Stored records:
______
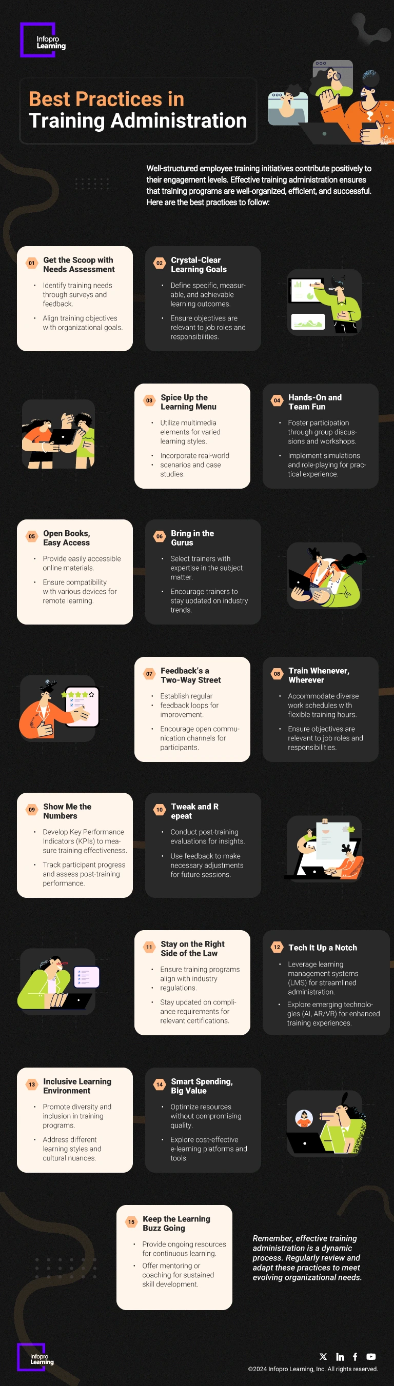 Effective training administration contributes to employees’ professional growth and enhances organizational performance by aligning workforce capabilities with strategic goals. It requires a blend of organizational skills, communication proficiency, and a strategic mindset to create a dynamic and impactful learning environment within the workplace. Check out the infographic for insights into best practices in training administration.
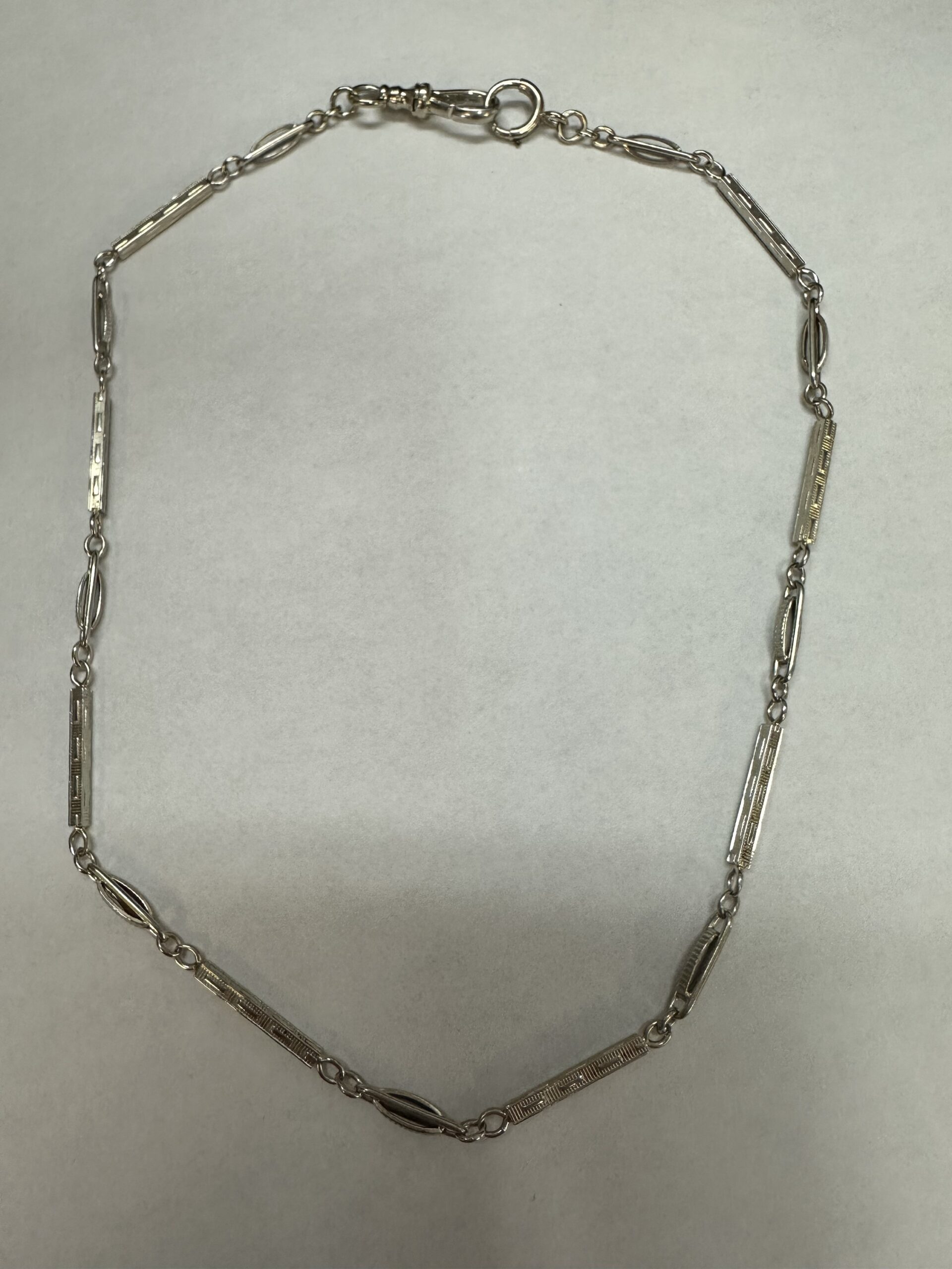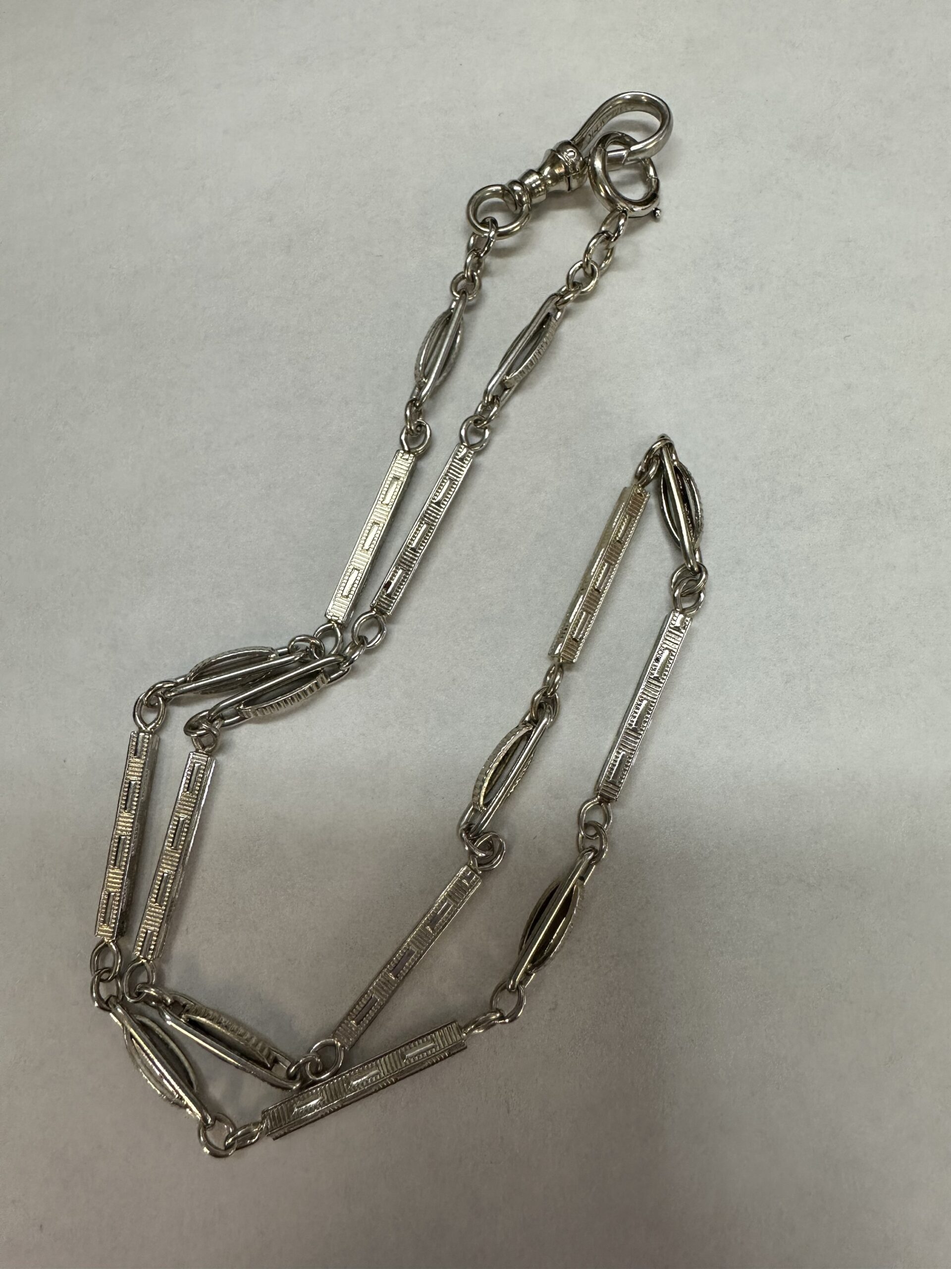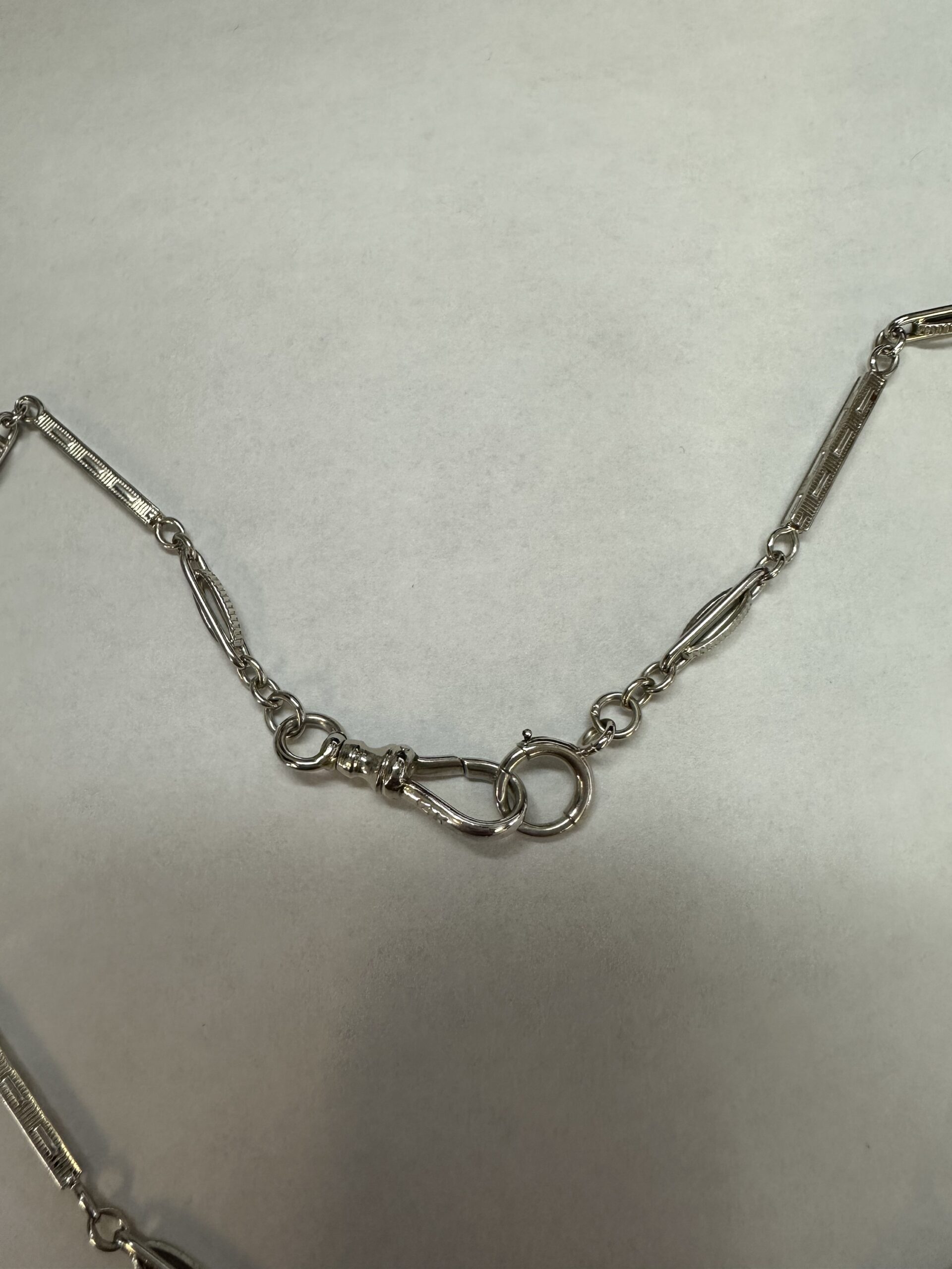 Vintage 14k white gold 14” pocket watch link chain with spring ring clasp and engraving, 10.29 grams.
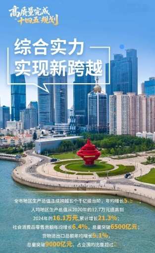 五年来,始终把高质量发展作为首要任务,以青岛的稳与进为全国全省大局多作贡献。从经济总量看,全市地区生产总值连续跨越五个千亿级台阶,预计今年将突破1.7万亿元,年均增长5.9%,增速居同类城市前列。2024年,全员劳动生产率达到31.1万元/人,年均增长6.4%,明显高于生产总值年均增速。从人均水平看,人均地区生产总值从2020年的12.7万元提高到2024年的16.1万元,累计增长21.3%,按美元计算达到2.3万美元。从重点领域看,社会消费品零售总额年均增长6.4%,总量突破6500亿元,在北方城市中仅次于北京。货物进出口总额年均增长9.1%,总量突破9000亿元、占全国的比重超过2%。
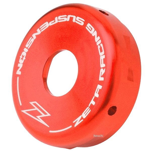 ジータ ZETA リアショック エンドキャップタイプ:WP用カラー:レッドシリンダーヘッド:Φ46mm【仕様説明】リヤショックのシリンダーに圧入して取付けるエンドキャップです。サスペンションオーバーホールでのキャップ分解時に便利な、マイナスドライバー等を引掛けて叩きやすい溝を4か所配置。7000系アルミニウムをCNC加工、カラーアルマイトを施したレーザープリント仕上げ。
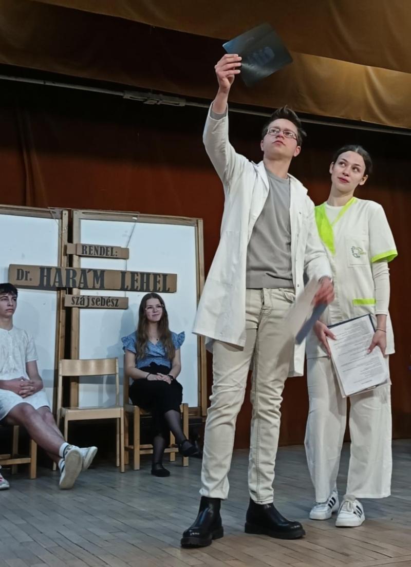 Hónapokon át heti egy rövid próbával készülvén végül a darabot háromszor adtuk elő május 15.-én. Délelőtt a szamosújvári Kemény Zsigmond Elméleti Líceum 5-8-as, majd 9-12-es diákjainak, és este a város magyar közönségének is.
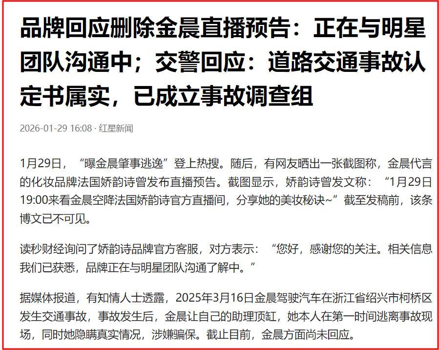 金晨是嬌韻詩的彩妝代言人,嬌韻詩取消了原本定於1月29日晚的金晨直播。
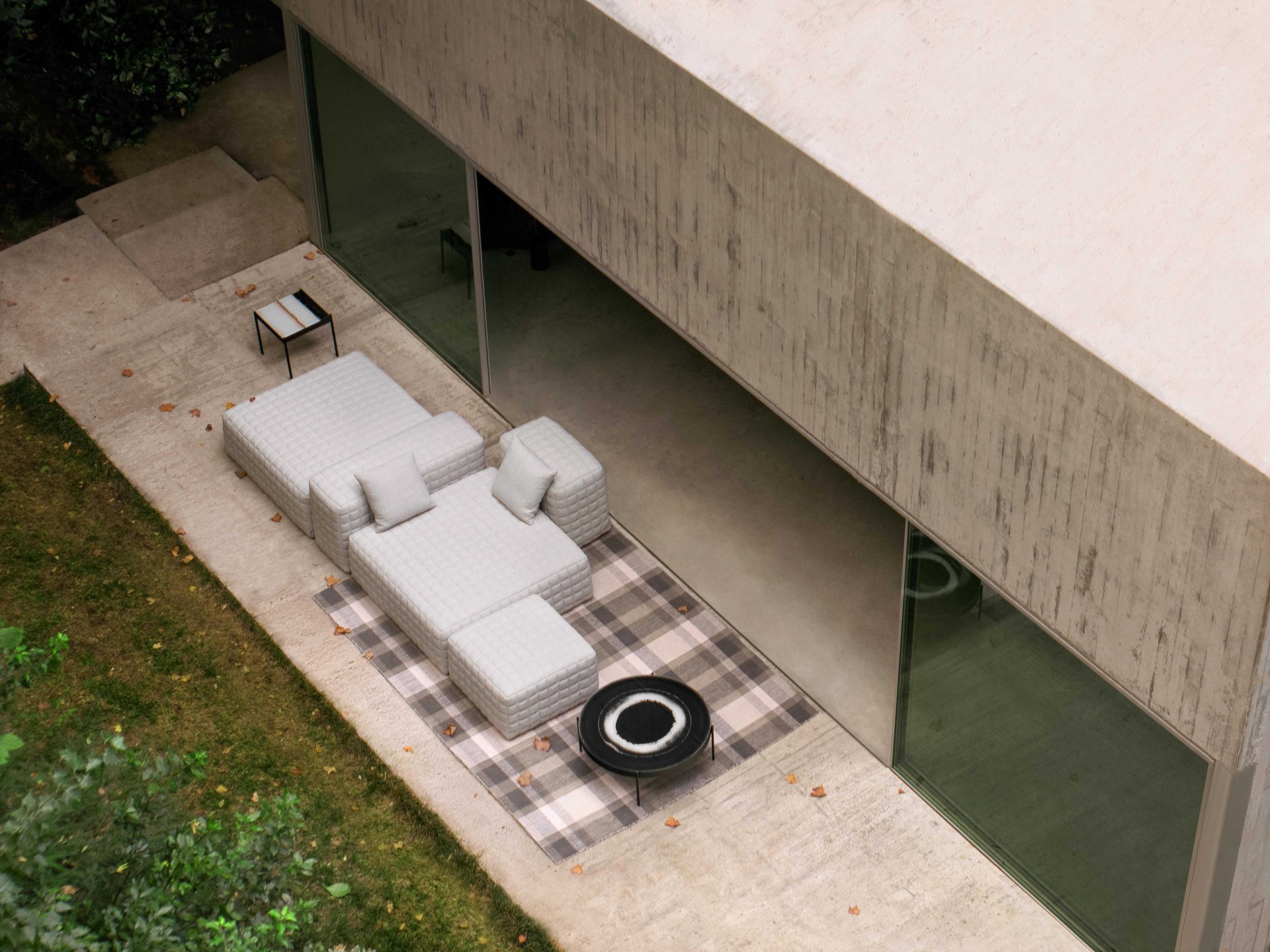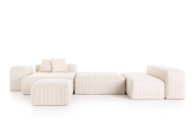 ERNO adapta o conceito de sofá para interiores também para uso externo. Trata-se de uma coleção de pufes versáteis, estofados em tecido acolchoado com padrão quadriculado, que se unem para criar diferentes configurações de assentos. A série é complementada por outras peças idênticas aos pufes, porém mais altas, que funcionam como apoios de braço e encostos. Além de proporcionar conforto, essas peças multiplicam as possibilidades de criar diferentes ambientes.
______
▸ **Assigned task**: Copy out exactly the lines above beginning with the line that contains "ジータ ZETA リアショック" and finishing with the line that contains "金晨是嬌韻詩的彩妝代言人,嬌韻詩取消了原本定於1月29日晚的金晨直播。", including both; leave the pictures out.

▸ **Exercise answer**:
 ジータ ZETA リアショック エンドキャップタイプ:WP用カラー:レッドシリンダーヘッド:Φ46mm【仕様説明】リヤショックのシリンダーに圧入して取付けるエンドキャップです。サスペンションオーバーホールでのキャップ分解時に便利な、マイナスドライバー等を引掛けて叩きやすい溝を4か所配置。7000系アルミニウムをCNC加工、カラーアルマイトを施したレーザープリント仕上げ。
 Hónapokon át heti egy rövid próbával készülvén végül a darabot háromszor adtuk elő május 15.-én. Délelőtt a szamosújvári Kemény Zsigmond Elméleti Líceum 5-8-as, majd 9-12-es diákjainak, és este a város magyar közönségének is.
 金晨是嬌韻詩的彩妝代言人,嬌韻詩取消了原本定於1月29日晚的金晨直播。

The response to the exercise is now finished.